For two decades, kidney patients have been pioneers in self-care. They and their doctors deployed home dialysis. They raced ahead of other specialities in digital health, releasing test results real-time to patients through the bespoke app PatientView. As the digital landscape evolved and data security mandates tightened, the UK Kidney Association (UKKA) needed a modern system. Rebuilding the platform was cost-prohibitive.

The UKKA required a successor that could not only match the existing service but enhance it with advanced features for self-management and early prevention. In 2021 the charity selected Patients Know Best (PKB) to spearhead this new era with a secure, borderless, and patient-centric record.

The transition was driven by the need to bridge the gap between a valued legacy tool and the complex requirements of modern integrated medicine:

• The security mandate: Bringing a legacy viewer in line with current GDPR and NHS data protection standards was a complex, expensive hurdle.
• A holistic perspective: an estimated 90% of Chronic Kidney Disease (CKD) patients manage at least one other long-term condition. A ‘kidney-only’ view provided an incomplete picture, especially for patients treated across different specialist centres.

The objective was to move from a simple results viewer to a more comprehensive platform that mirrors the patient journey - integrated, longitudinal, and accessible across all care settings - with enhanced functionality and the potential for future research.
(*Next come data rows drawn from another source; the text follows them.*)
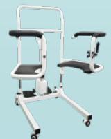
専用電動シャワー椅子(別売)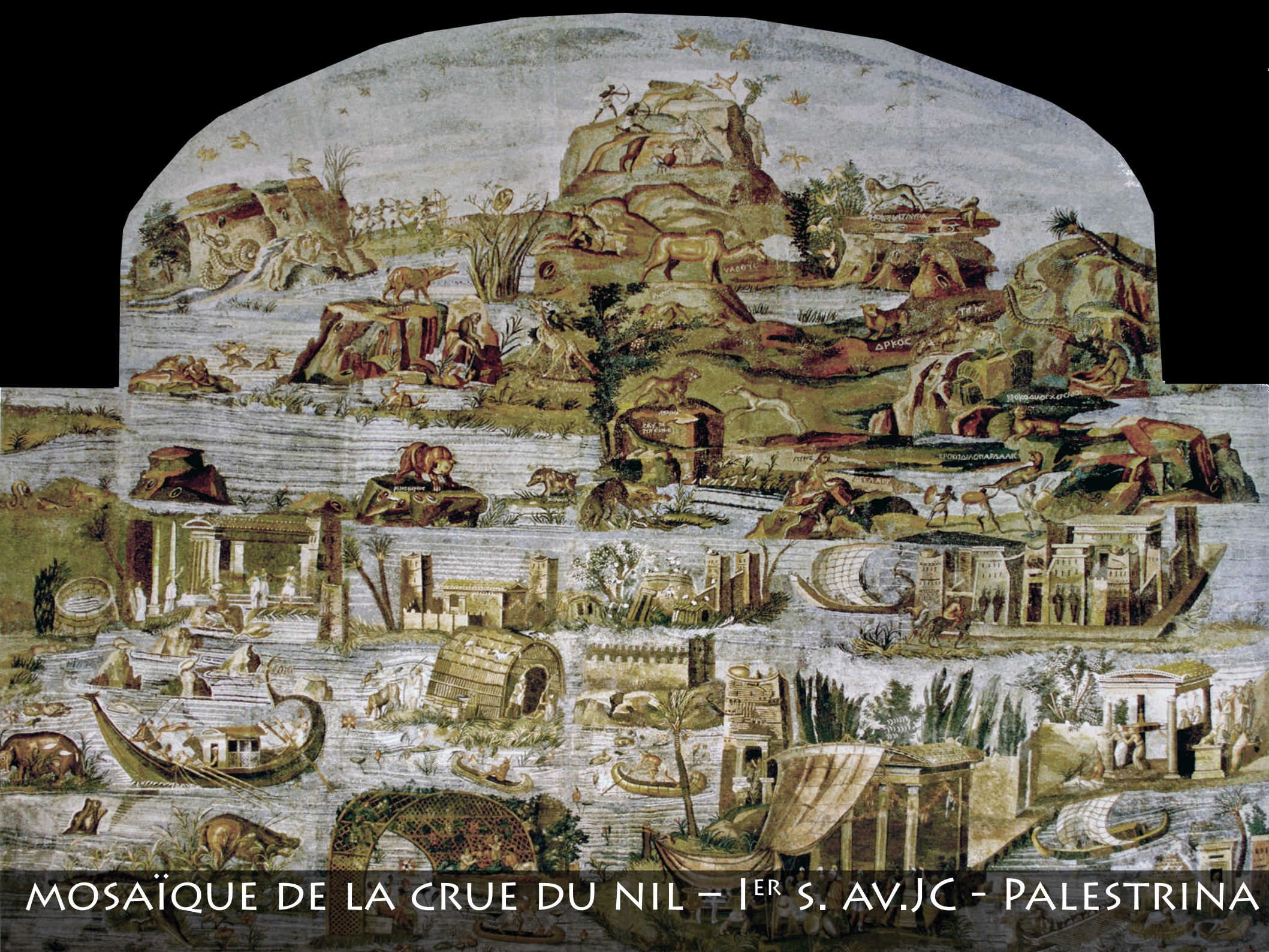
MOSAÏQUE DE LA CRUE DU NIL – I ER S. AV. JC – PALESTRINA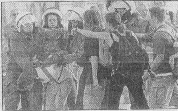
"கொலைகார புஷ்வே திரும்பிப் போ!" - பெர்லின் நகரில் போலீசுடன் மோதலாக முடிந்த புஷ் எதிர்ப்பு ஆர்ப்பாட்டம்.

மாகாண கவர்னராக இருந்த போது 152 பேருக்குத் தூக்குத் தண்டனை வழங்கிய கொடுஞ்செயலை எதிர்த்தும், இன்றும் கூட அமெரிக்காவில் ரக தூக்கு தண்டனையை ரத்து செய்யாததை எதிர்த்தும், பாரீசின் சுதந்திரதேவி சிலை முன்பாக புஷ் எதிர்ப்பு ஆர்ப்பாட்டங்கள் நடந்தன. பிரான்சின் நார்மண்டி பிராந்தியத்தில் உள்ள கேயன் நகரில் இரண்டாம் உலகப் போரில் இறந்த அமெரிக்கப் போர்வீரர்களுக்கு அஞ்சலி செலுத்த புஷ் சென்றபோது, வழி பெய்கும் தடையை மீறி மக்கள் ஆர்ப்பாட்டங்களைத் தொடர்ந்தார்கள்.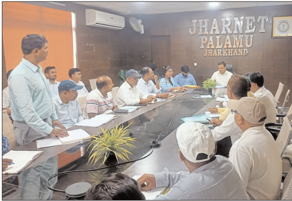
राशनकार्ड तथा सोना-सोबरन धोती साड़ी योजना अंतर्गत वस्तुओं के वितरण के संबंध में सभी प्रखंड आपूर्ति पदाधिकारियों को निर्देश

समीक्षा की गयी, दस दिन के भीतर सभी सहायक गोदाम प्रबंधक को माह जुलाई 2024 तक का खाद्यान्न शत-प्रतिशत डेर स्टेप करने का निर्देश दिया गया। जून और जुलाई माह 2024 का एनएफएसएर के तहत खाद्यान्न वितरण का समीक्षा के दौरान पाया गया कि माह जुलाई 2024 का छतरपुर, मोहम्मदगंज, नावा बाजार, नवडीहा बाजार, प०/वा और पिपरा से एक-एक प्रखंड आपूर्ति पदाधिकारी से बारी-बारी वितरण असंतोष रहने के कारण पूछा गया साथ ही वितरण कार्य में प्रगति लाने का निर्देश दिया गया। माह अप्रैल 2024 का चना दाल, माह अगस्त 2023 का ग्रीन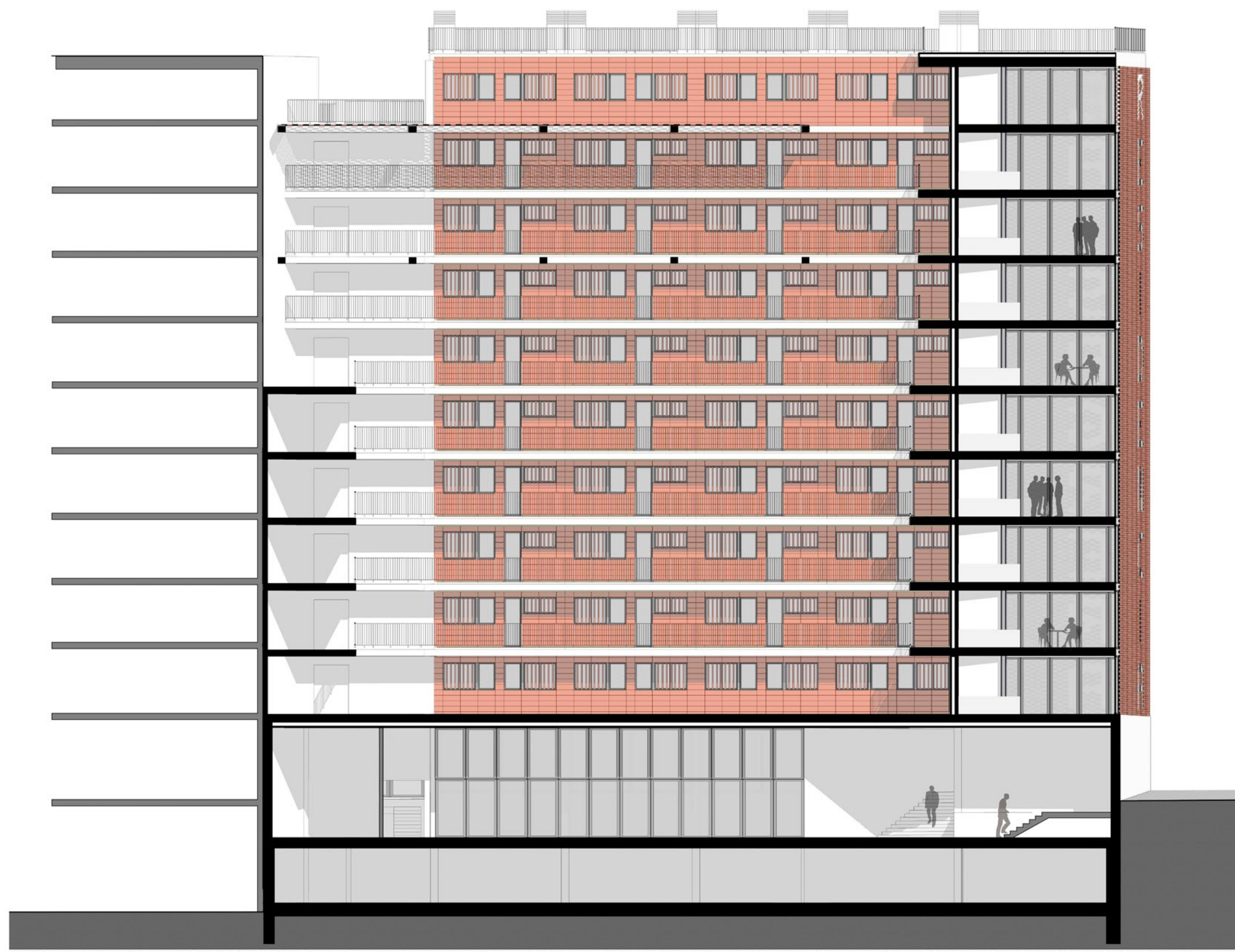
SECCIÓN B E 1:200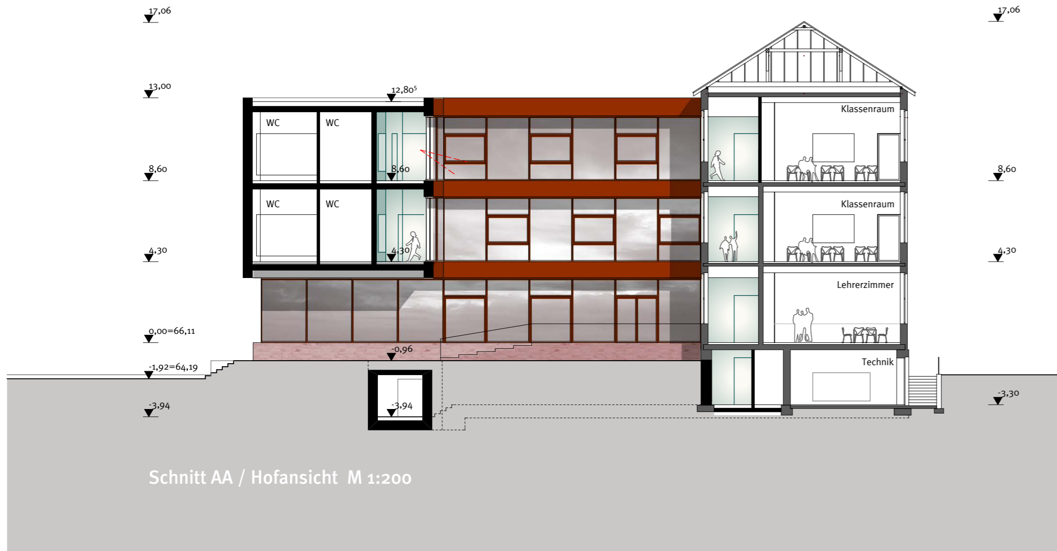
Schnitt AA / Hofansicht M 1:200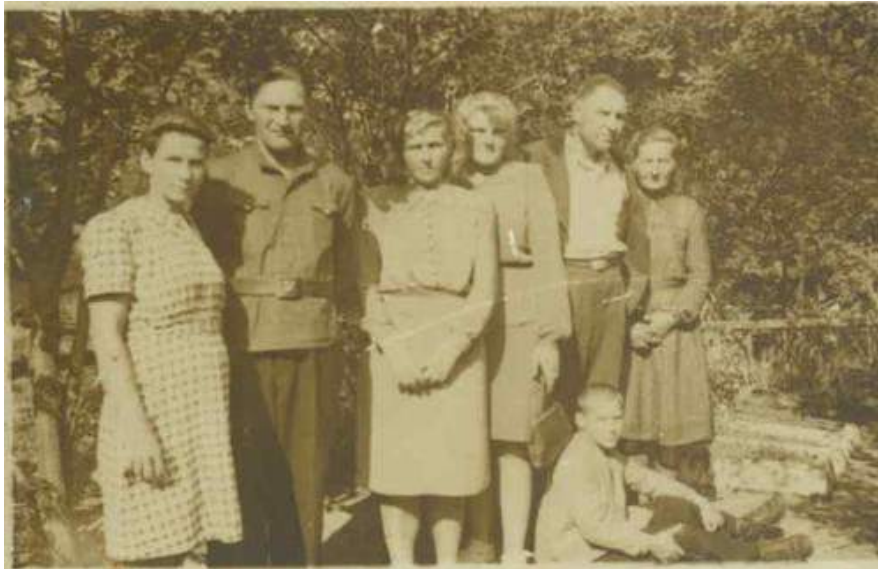
Hänike küla elanikud olid seotud peamiselt Osula Prassimäe kalmistuga. Fotol omased Lustivere talust lahkunute hauaplatsidel

Kirikuarhiivist leiame veel materjale küla inimeste koguduse liikmeteks olemise kohta, osavõttust koguduse tööst, armulaua käimistest ja palju muud. Kõik see räägib palju inimese vaimse ja selle arengu kohta.

The transition involved onboarding all 76 UK Kidney Units linked to the UKKA, migrating historical data, and introducing features designed for daily life with CKD:

• Familiarity Meets Innovation: PKB adapted its interface to include an additional tabular results screen - retaining the view patients were accustomed to - while offering longitudinal charts to track test trends over time. 

• The Information Library: direct access to kidney-focused resources from Kidney Care UK and the British Dietetic Association. 
• Patient-Entered Data: Patients can record blood pressure, weight, and glucose to monitor their condition between appointments.
• Acute data: Where PKB is already used by a hospital, all patient data is now aggregated into their single PKB record.

GP Data Integration: As of 2025, patients in England can also add their GP data to their PKB record. This brings medications and diagnosis, and full primary care history into a single view alongside hospital results.

The National Renal Complement Therapeutics Centre (NRCTC) in Newcastle recently launched a project to support rare diseases like aHUS. By using PKB, specialist nurses can monitor records remotely. The long-term aim is to enable patients to have blood tests in their local community rather than travelling hours to a specialist centre.

Kidney disease represents a significant economic burden, costing the NHS over £6 billion annually. The condition is often "silent" until expensive, life-sustaining treatments like dialysis—costing £34,000 per patient per year—become necessary. Currently, an estimated 1 million people in the UK live with undiagnosed CKD, and 30% of those with clear lab markers remain "uncoded" in GP systems.

The long-term goal is to shift the needle from managing disease to preventing it:

• SNOMED-Coded Research: Integration with GP data provides a wealth of coded information. Subject to governance, the UKKA can pull this into the UKRDC Data Repository to fuel research into rare diseases (via RaDaR).
• Population Health Management (PHM): PKB’s PHM engine can automatically scan coded data—such as rising creatinine or proteinuria—to flag at-risk individuals across the population with data in PKB. This allows for early intervention, such as the use of SGLT2 inhibitors, which could prevent over 10,000 deaths annually.